Every AI-over-your-data demo looks the same

Someone asks a question in plain English, a confident paragraph comes back, the room nods. Then you put it in front of a quality lead in a regulated environment and the first question is the one that matters: can you prove that number is right, show me which records produced it, and get the same answer tomorrow?

That is where most of these systems go quiet.

Almost all of them are built on RAG, retrieval-augmented generation. RAG finds chunks of text that look relevant to your question, usually by embedding similarity, stuffs them into the model's prompt, and lets the model write an answer. For the job it was designed for, this is genuinely excellent. The trouble starts when people point it at the questions that actually run a business.

RAG is the right tool for the wrong half of the problem

Searching ten thousand papers, SOPs, contracts, or regulatory filings for the passage that matters. Summarising unstructured text. Open-ended document question answering.
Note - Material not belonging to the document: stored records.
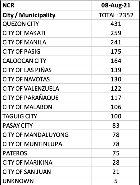 On an LGU level, Quezon City led the day to make 13 of 17 LGUs from NCR be included in the top 20 cities with most cases.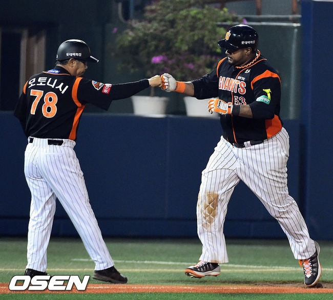 4회초 2사 우중월 투런홈런을 날린 히메네스가 3루를 밟으며 모토니시 코치와 하이파이브를 하고 있다.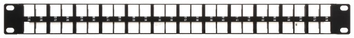 Miejsce na złącza: 48 szt. Materiał: Metal Kolor: Czarny Zastosowanie: RACK 19", 1U Wybrane cechy: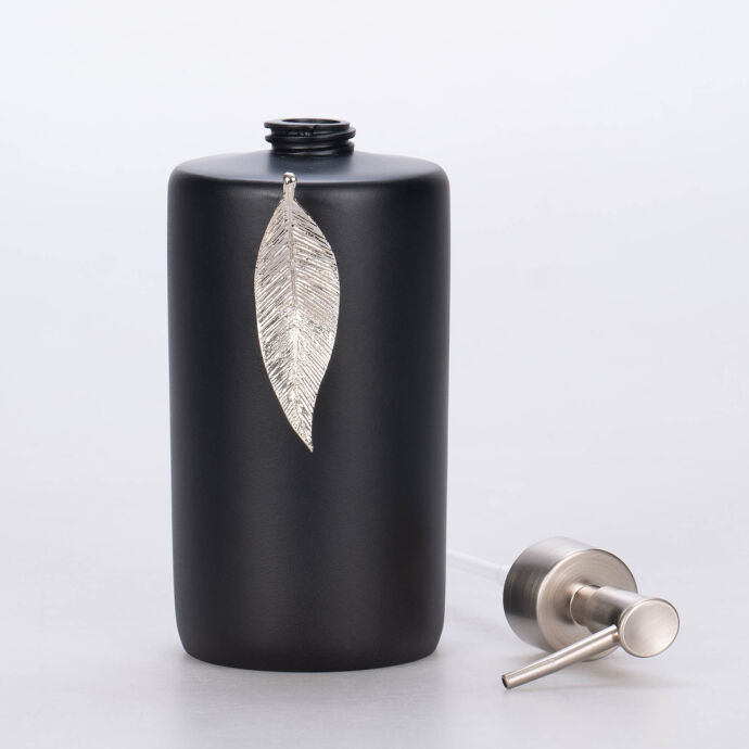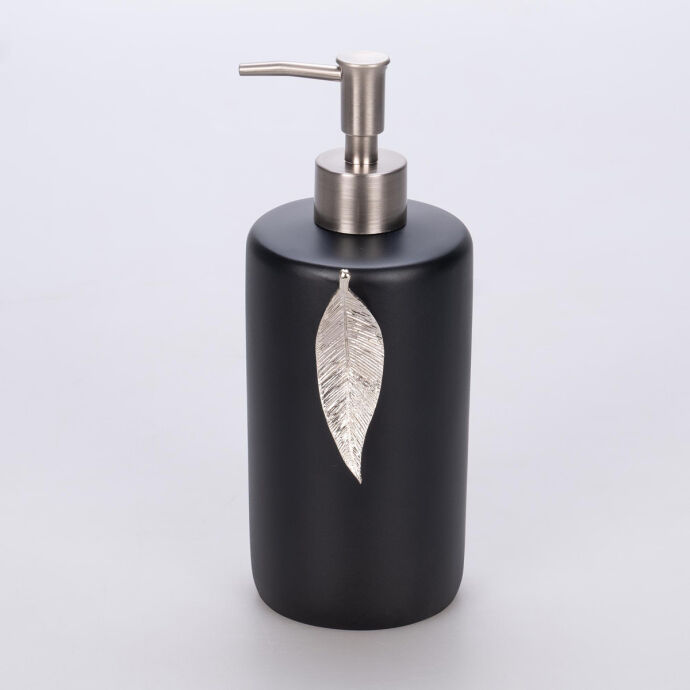 Leaf Sıvı Sabunluk Siyah Gümüş

RAG and knowledge graphs over scientific and regulatory text are the right tool for that, and the teams building that layer are doing valuable work.
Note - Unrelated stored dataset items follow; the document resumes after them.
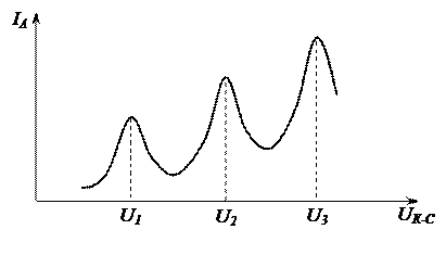 При наличии разреженного газа электроны сталкиваются с атомами газа. Пока энергия электронов мала, столкновения их с атомами носят упругий характер, и они не теряют энергию. При увеличении энергии электронов столкновения становятся неупругими. Электроны при этом с большой вероятностью теряют энергию и не доходят до анода. Анодный ток IА резко уменьшается. При дальнейшем увеличении ускоряющего напряжения U К-С электроны снова набирают энергию, и анодный ток снова увеличивается. Зависимость анодного тока от ускоряющего напряжения между катодом и сеткой U К-С- имеет вид (рис 2).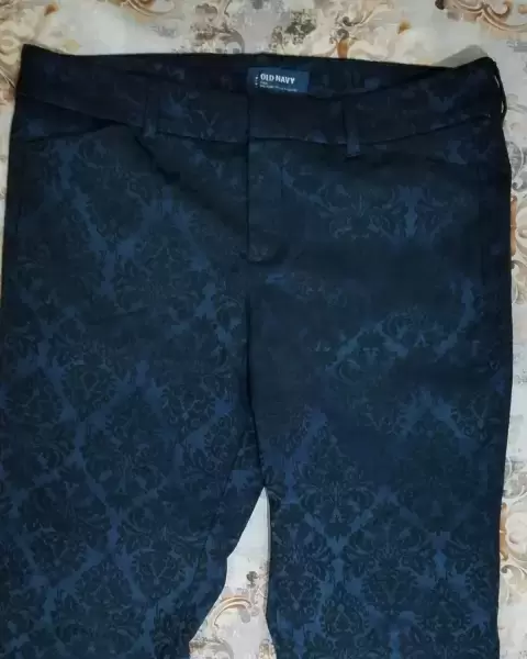 Pantalón estampado Old Navy. Pantalón talla 10 o regular mide en color azul el estampado es tipo encaje es de algodón, poly, spandex. Cintura45cm, Cadera 55cm y largo 95cm.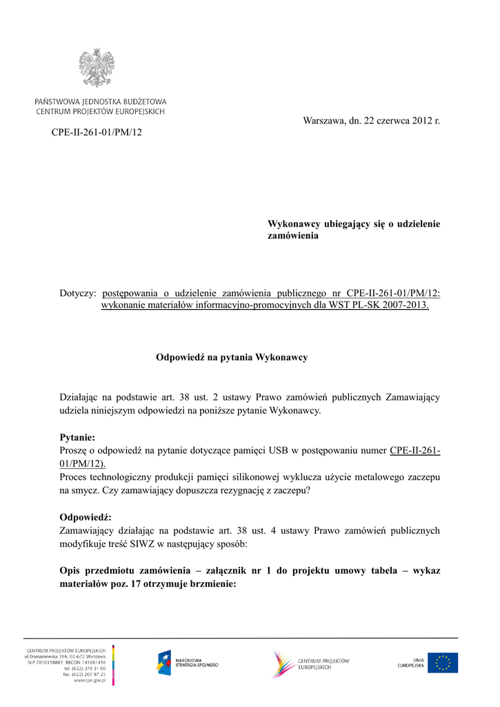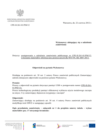 Warszawa, dn. 22 czerwca 2012 r. CPE-II-261-01/PM/12 Wykonawcy ubiegający się o udzielenie zamówienia Dotyczy: postępowania o udzielenie zamówienia publicznego nr CPE-II-261-01/PM/12: wykonanie materiałów informacyjno-promocyjnych dla WST PL-SK 2007-2013. Odpowiedź na pytania Wykonawcy Działając na podstawie art. 38 ust. 2 ustawy Prawo zamówień publicznych Zamawiający udziela niniejszym odpowiedzi na poniższe pytanie Wykonawcy. Pytanie: Proszę o odpowiedź na pytanie dotyczące pamięci USB w postępowaniu numer CPE-II-26101/PM/12). Proces technologiczny produkcji pamięci silikonowej wyklucza użycie metalowego zaczepu na smycz. Czy zamawiający dopuszcza rezygnację z zaczepu? Odpowiedź: Zamawiający działając na podstawie art. 38 ust. 4 ustawy Prawo zamówień publicznych modyfikuje treść SIWZ w następujący sposób: Opis przedmiotu zamówienia – załącznik nr 1 do projektu umowy tabela – wykaz materiałów poz. 17 otrzymuje brzmienie: 17. Pendrive materiał: twardy silikon, kształt składający się z flagi Unii Europejskiej oraz logo Programu. Kolorystyka - pełen kolor. Pojemność 8 GB. Szerokość 30mm (+/-5mm), wysokość 50mm (+/- 5mm), grubość 8mm (+/-1mm) Kość pamięci umiejscowiona „we fladze EU”, zaś logo Programu jest ściągane, w jego wnętrzu chowa się końcówka USB. Gwiazdki na fladze EU oraz napis PL-SK 2007-2013 przy logo Programu tłoczone na zewnątrz. Pakowane jednostkowo w zbiorczym opakowaniu. 300 sztuk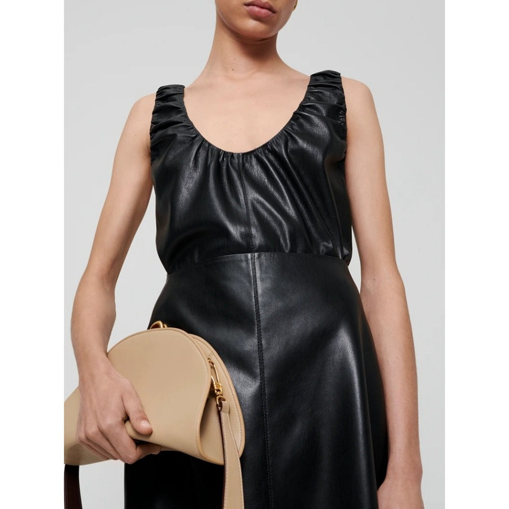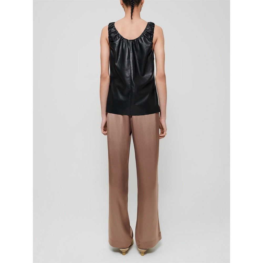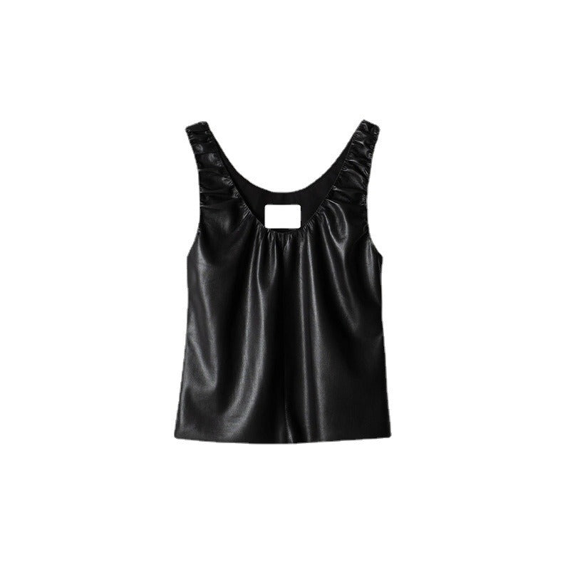 Artificial leather pleated sleeveless top vest for women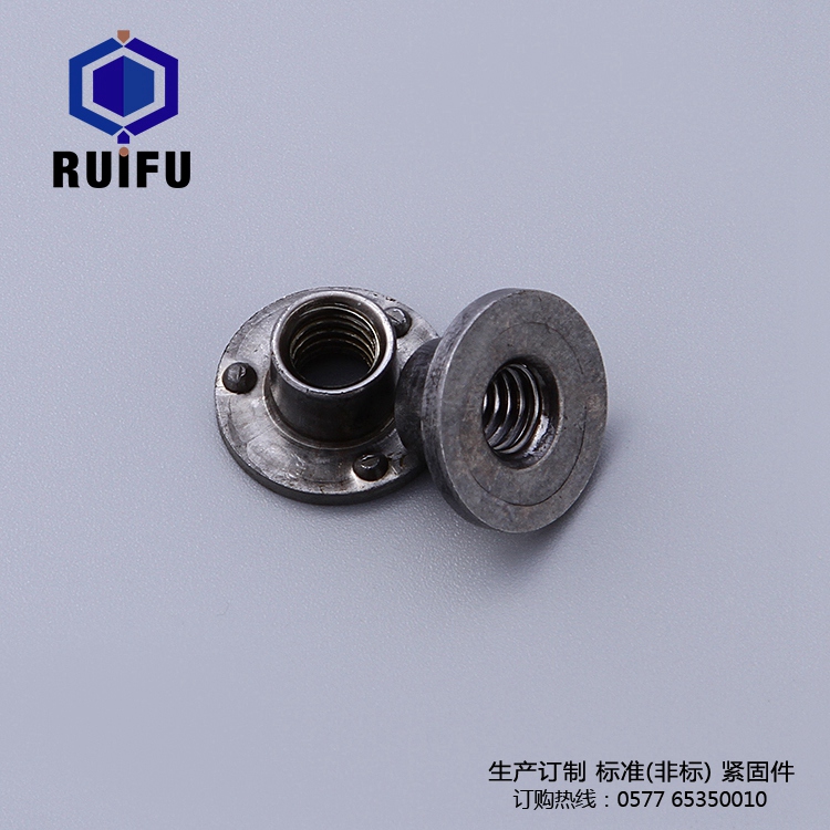 螺母扳拧槽所对应的垫圈外齿应折弯嵌入槽中,这样螺母就被固定了,T型焊接螺母止动垫圈内外都有齿,与T型焊接螺母所配合的外螺纹上应制出孔眼或槽以纳入垫圈内齿,T型焊接螺母旋紧就位后。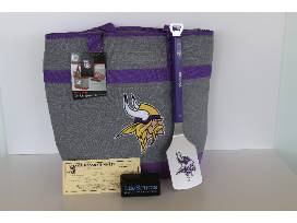 Score big with this fan-favorite grilling BBQ Spatual tool. - Stainless steel blade and bottle opener.- Laser-cut with the Viking team logo.- Composite handle in team colors. Package includes NFL Vikings Coleman collapsable cooler, $15.00 Von Hanson's Meat GC, 2 collapsible Vikings chairs and a Blue Toothspeaker and a craft brew variety 4 pack.

But most of the questions a business needs answered are not text-retrieval questions. How many serious adverse events by site last quarter? What is enrolment by region against plan? Which lots are affected if this parameter changes? Those are computations over structured, governed, operational data. And RAG cannot compute.

RAG cannot compute

Ask RAG for a quarterly total and it retrieves text that mentions the thing you asked about. It does not aggregate the records. The number it hands back is generated, not calculated. Sometimes it is right. In regulated work, "sometimes right" is the same as wrong.

This is not a prompt problem, and a bigger model does not fix it. The architecture is asking a language model to behave like a database, and a data product is precisely the thing it is not.

It gets worse the closer you look. Four properties that a regulated buyer treats as non-negotiable are exactly the four RAG cannot offer:

Reproducibility. Ask the same question twice and retrieval plus generation can hand you two different answers. An auditor expects the same number every time.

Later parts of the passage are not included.